Activity
For the data below, restate word for word only the lines from the line containing "Dzisiaj rano w" through the line containing "这时它会弹出让你选择英雄属性", both ends included.

Record set
-- -- --

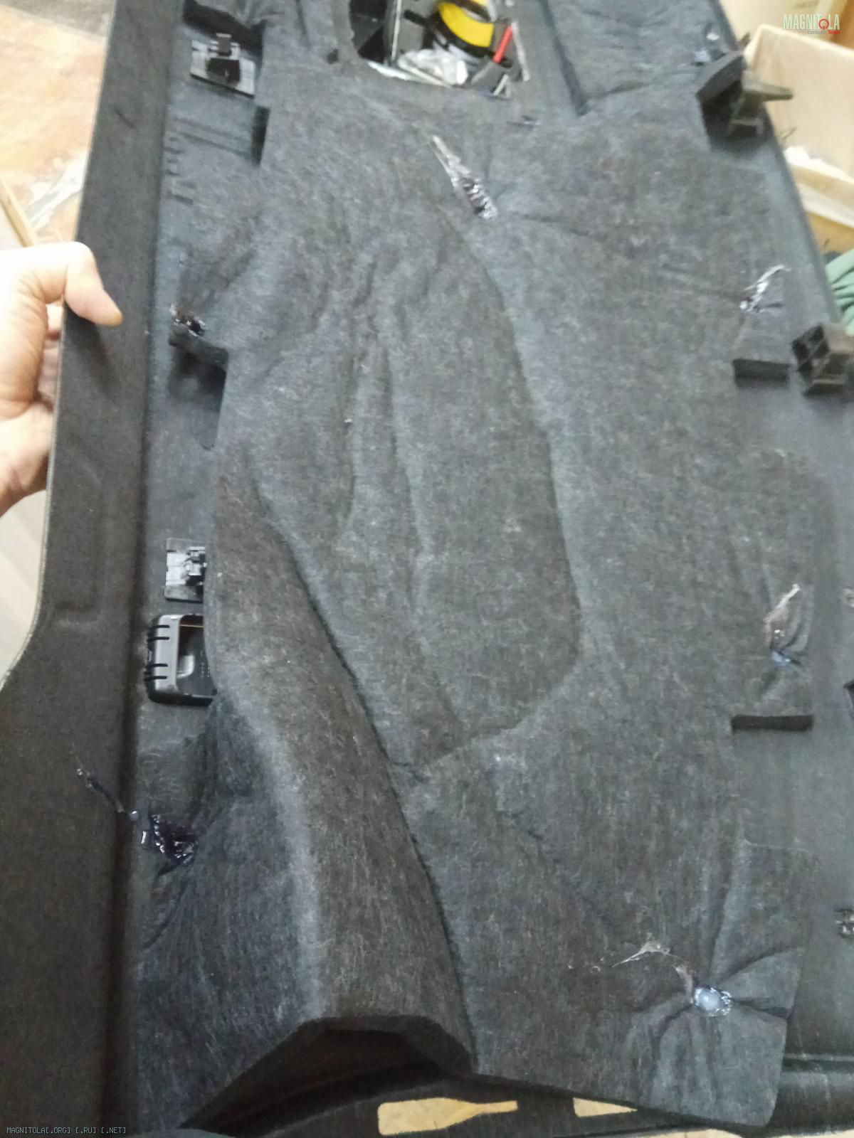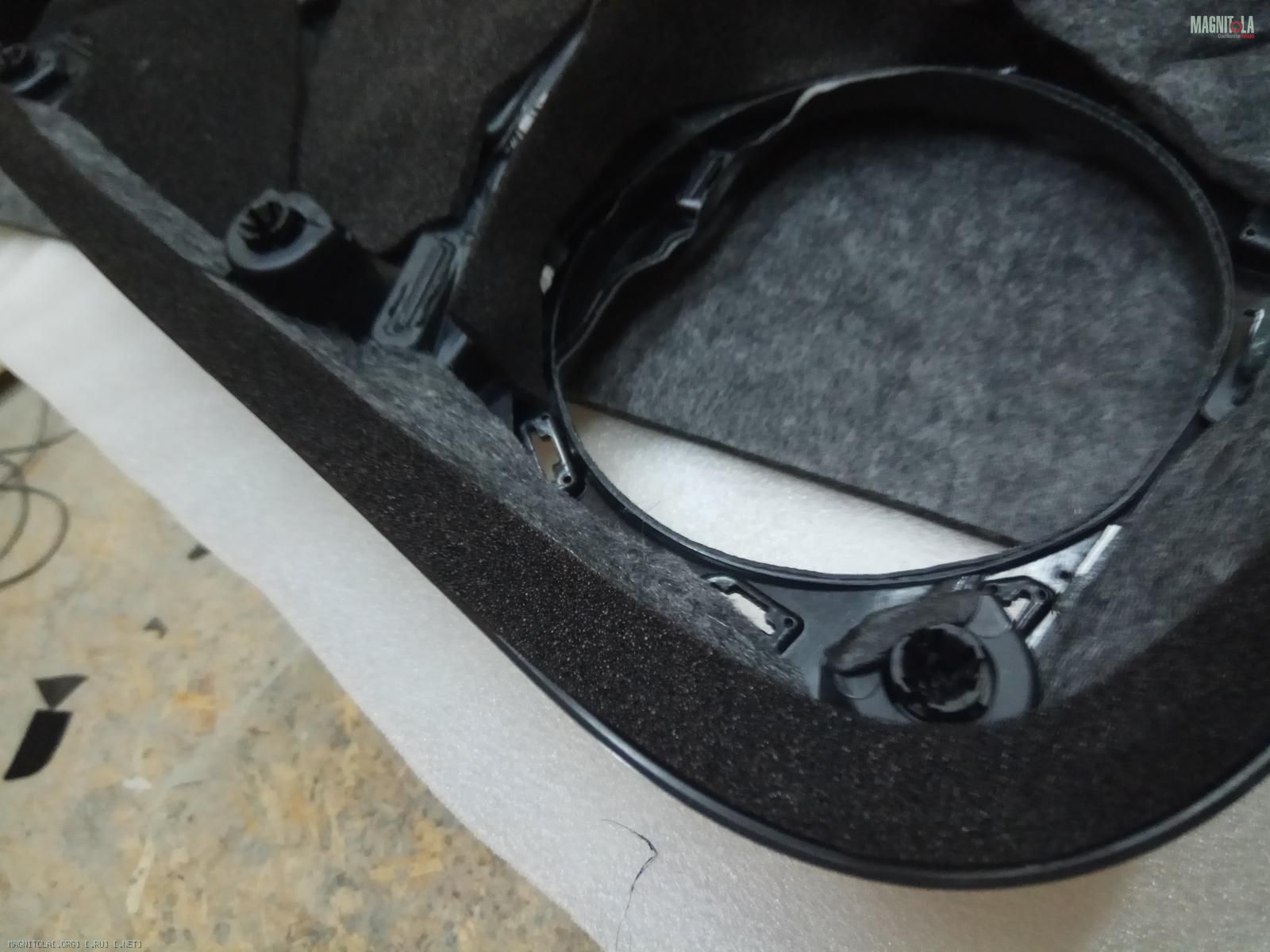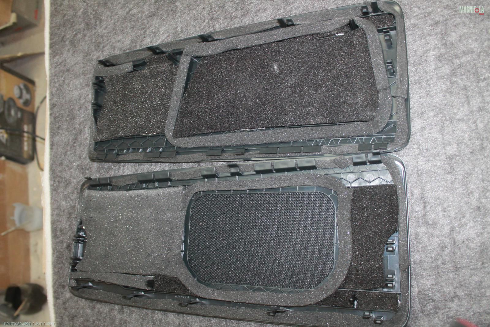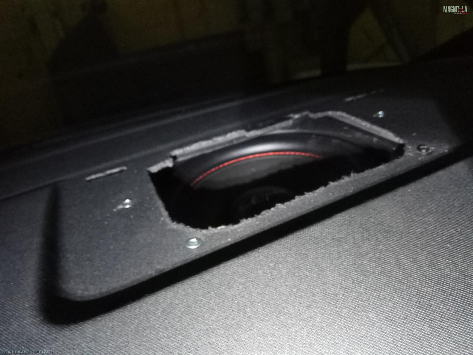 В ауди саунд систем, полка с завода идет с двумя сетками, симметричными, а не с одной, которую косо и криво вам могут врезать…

-- -- --

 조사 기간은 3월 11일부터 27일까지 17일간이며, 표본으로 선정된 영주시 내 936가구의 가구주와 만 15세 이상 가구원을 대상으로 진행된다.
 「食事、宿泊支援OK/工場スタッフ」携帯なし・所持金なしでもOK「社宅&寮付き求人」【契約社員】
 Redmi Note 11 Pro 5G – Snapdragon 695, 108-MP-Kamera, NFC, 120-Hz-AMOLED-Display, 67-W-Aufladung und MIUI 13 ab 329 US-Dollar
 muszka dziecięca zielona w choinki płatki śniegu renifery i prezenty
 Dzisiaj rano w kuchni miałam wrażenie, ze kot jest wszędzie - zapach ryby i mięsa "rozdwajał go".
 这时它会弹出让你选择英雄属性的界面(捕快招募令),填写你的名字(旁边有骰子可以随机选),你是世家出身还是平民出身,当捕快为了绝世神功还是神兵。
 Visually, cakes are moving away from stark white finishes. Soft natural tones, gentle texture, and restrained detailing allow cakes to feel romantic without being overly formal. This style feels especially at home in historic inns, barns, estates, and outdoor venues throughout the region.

-- -- --

Solution to this task
 Dzisiaj rano w kuchni miałam wrażenie, ze kot jest wszędzie - zapach ryby i mięsa "rozdwajał go".
 这时它会弹出让你选择英雄属性的界面(捕快招募令),填写你的名字(旁边有骰子可以随机选),你是世家出身还是平民出身,当捕快为了绝世神功还是神兵。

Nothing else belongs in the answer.